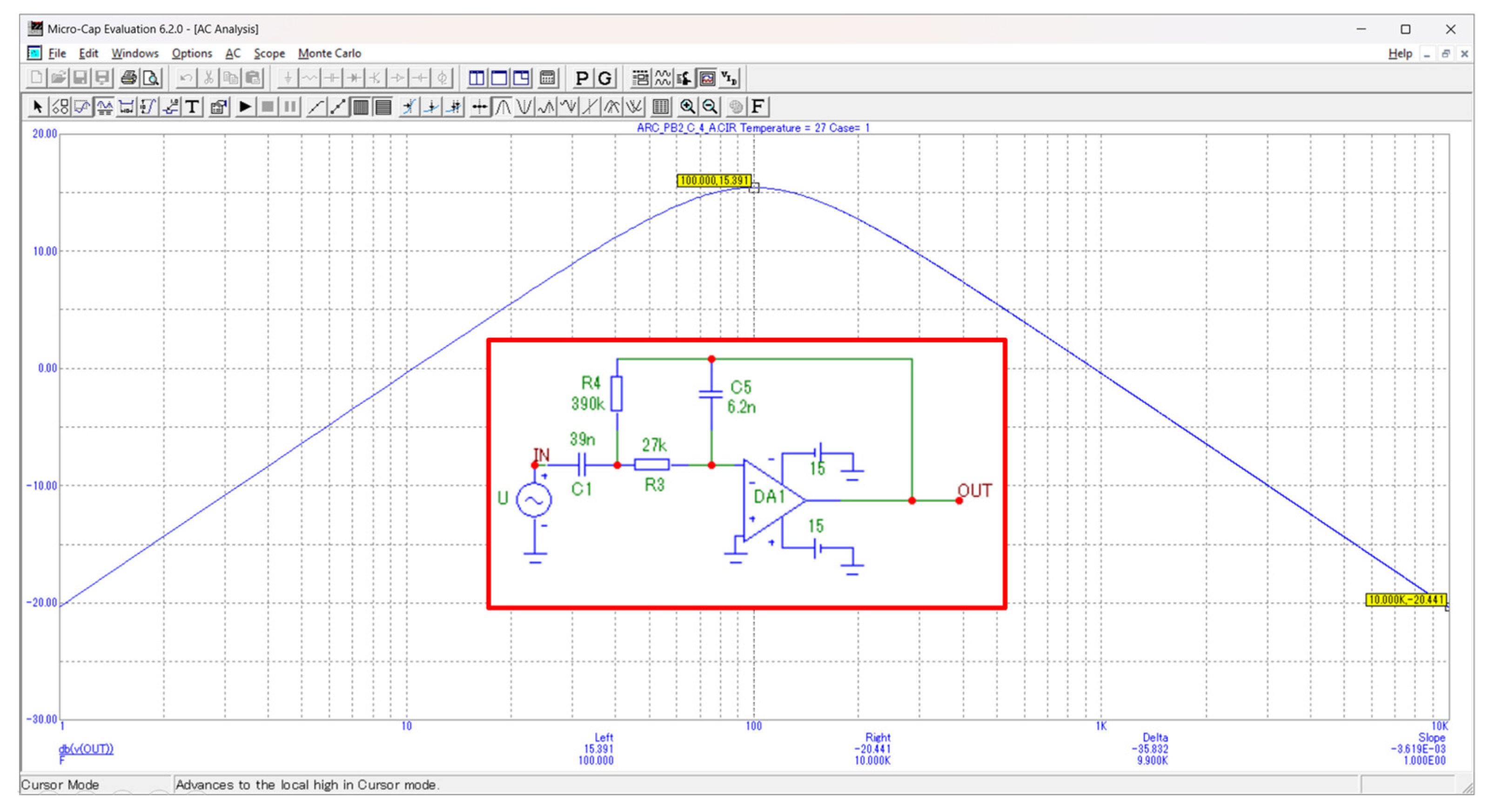 Figure 4 shows the two cut-off frequencies of the passband, with a drop of 3
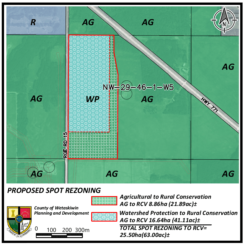 TAKE NOTICE that the Council of the County of Wetaskiwin No. 10 has received an application to amend its Land Use By-Law by rezoning part of the following land, as shown on the accompanying map, from Agricultural (AG) AND Watershed Protection (WP) to Rural Conservation (RCV).
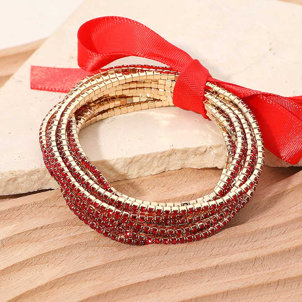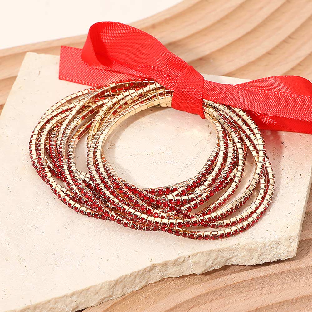 • Elegant layered stretch bracelet set featuring multiple slim bands tied together with a decorative ribbon. The stackable circular design adds texture and shine, perfect for both casual layering and festive occasions.
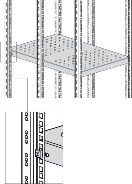 Полиця, що кріпиться на шість 19-дюймових монтажних профілів
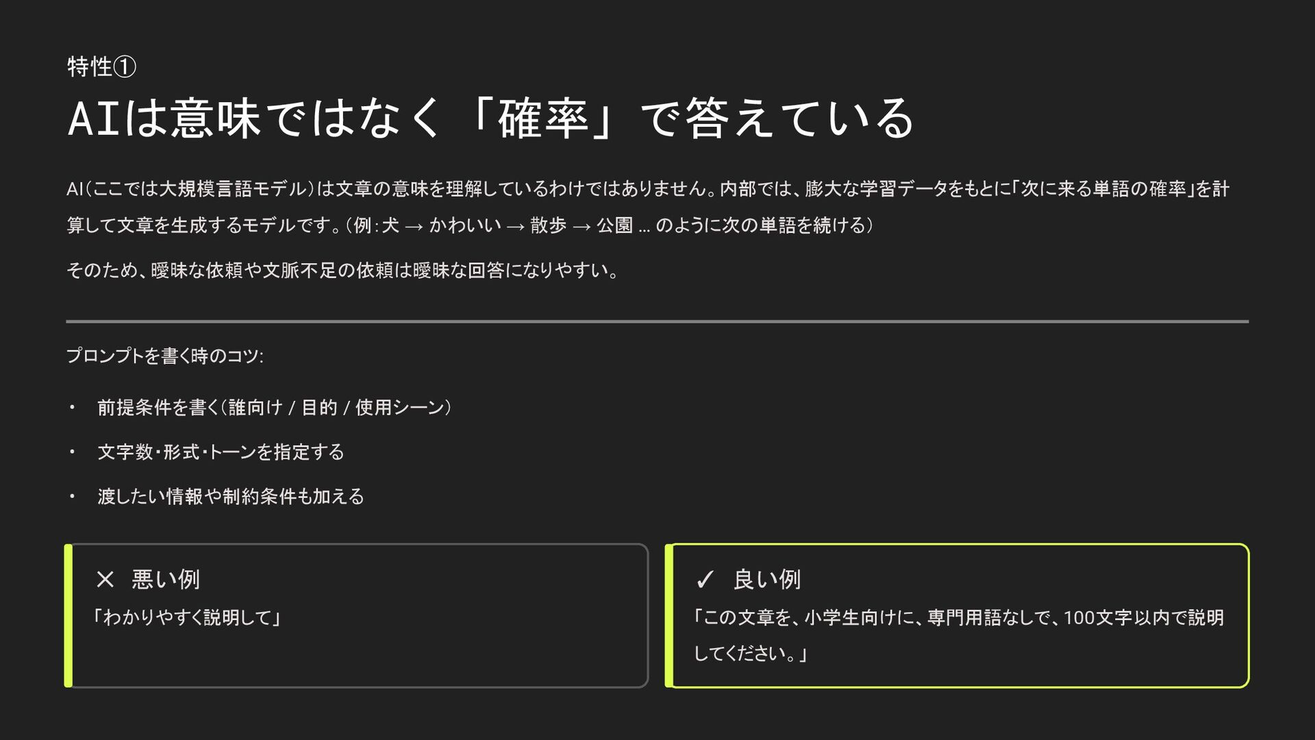 … のように次の単語を続ける) そのため、曖昧な依頼や文脈不足の依頼は曖昧な回答になりやすい。 プロンプトを書く時のコツ: • 前提条件を書く(誰向け / 目的 / 使用シーン) • 文字数・形式・トーンを指定する • 渡したい情報や制約条件も加える ✕ 悪い例 「わかりやすく説明して」 ✓ 良い例 「この文章を、小学生向けに、専門用語なしで、100文字以内で説明 してください。」
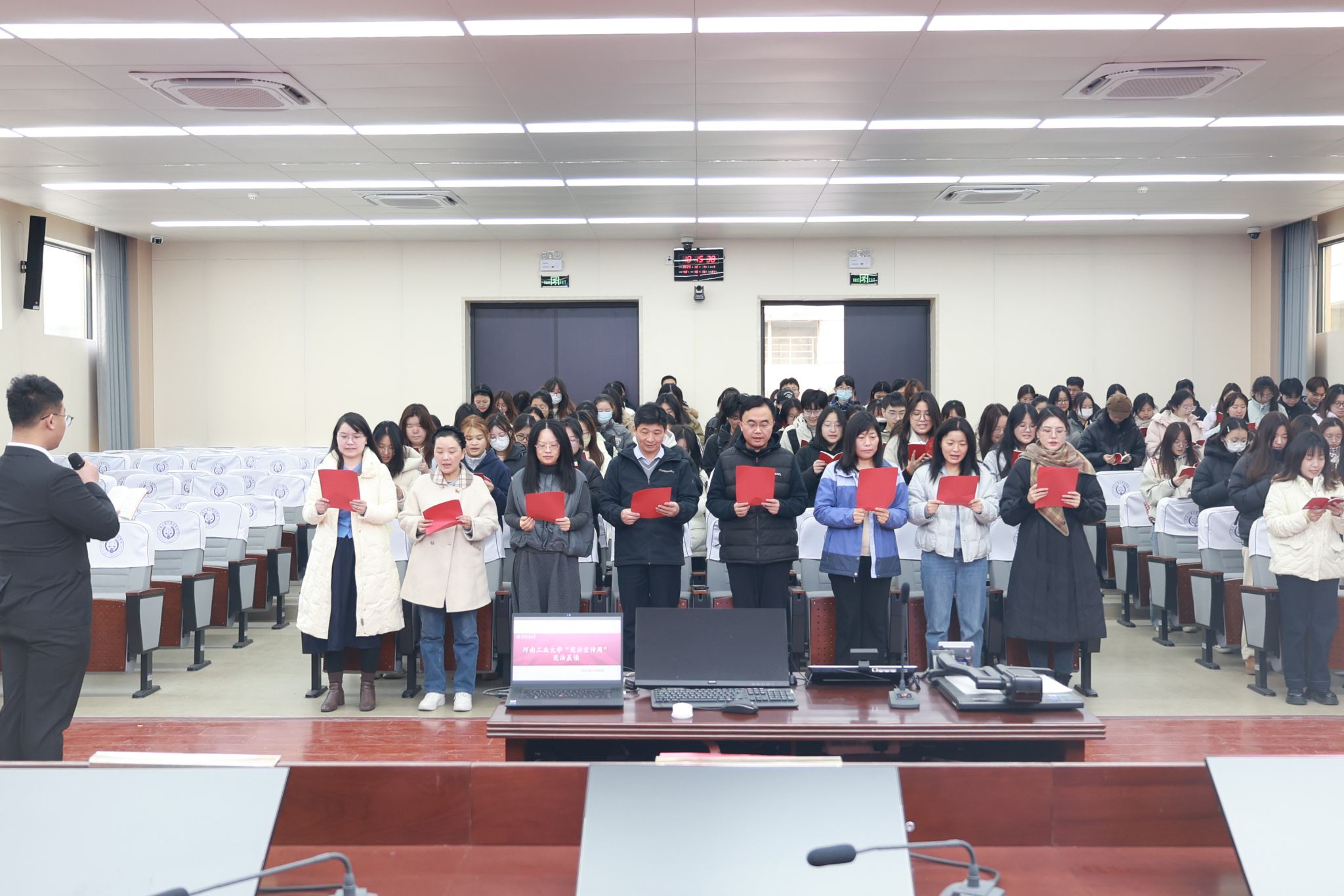 12月4日上午,足球博彩网站 领导班子成员、教师代表及2023级、2024级学生代表参加晨读。全体人员手持宪法读本,专注而庄重的神情、洪亮而坚定的声音,充分彰显了对宪法的尊崇与敬畏,将宪法精神内化于心、外化于行,营造了学习宣传宪法的浓厚氛围。
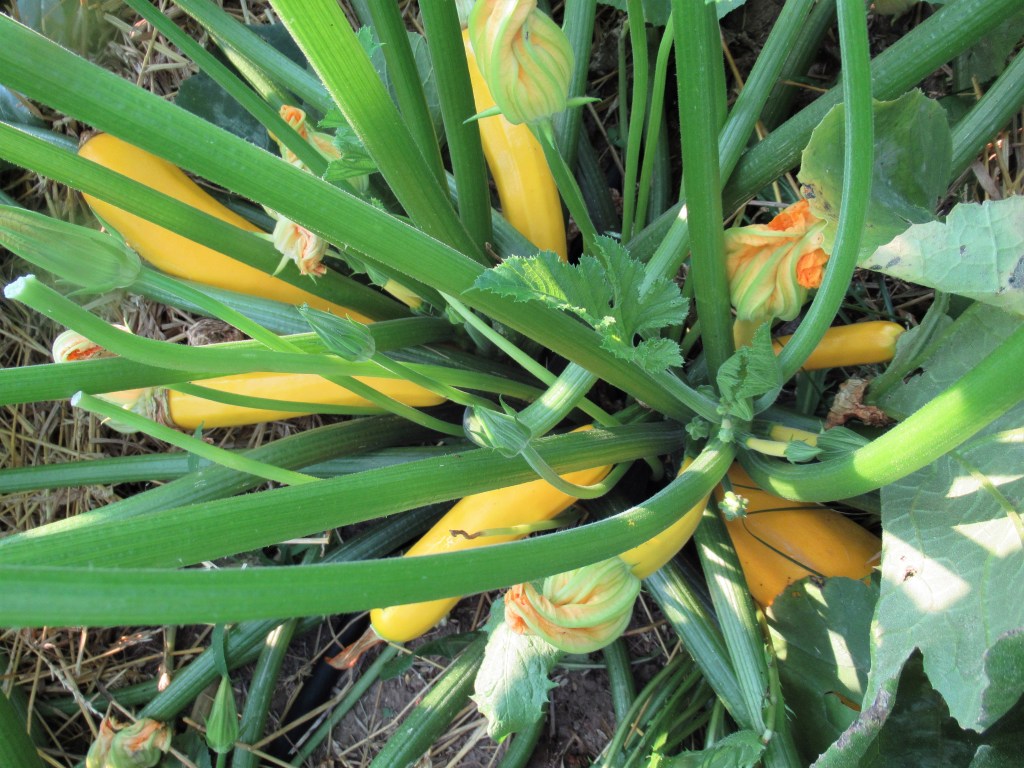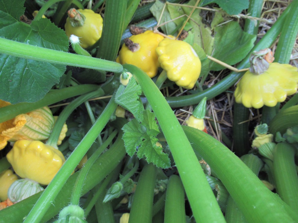Patty pan summer squash (above) and yellow zucchini (below) always start their season producing an enormous quantity of fruit. In a few weeks they will slow down and take a rest before (hopefully) resuming big production again.
# # # # #
### EXERCISE BRIEF:
In the material above, which lines fall between the one holding "and festive occasions." and the one holding "Полиця, що кріпиться", inclusive? Print exactly those, with the pictures left out.

### SOLUTION FOR THIS TASK:
 • Elegant layered stretch bracelet set featuring multiple slim bands tied together with a decorative ribbon. The stackable circular design adds texture and shine, perfect for both casual layering and festive occasions.
 Полиця, що кріпиться на шість 19-дюймових монтажних профілів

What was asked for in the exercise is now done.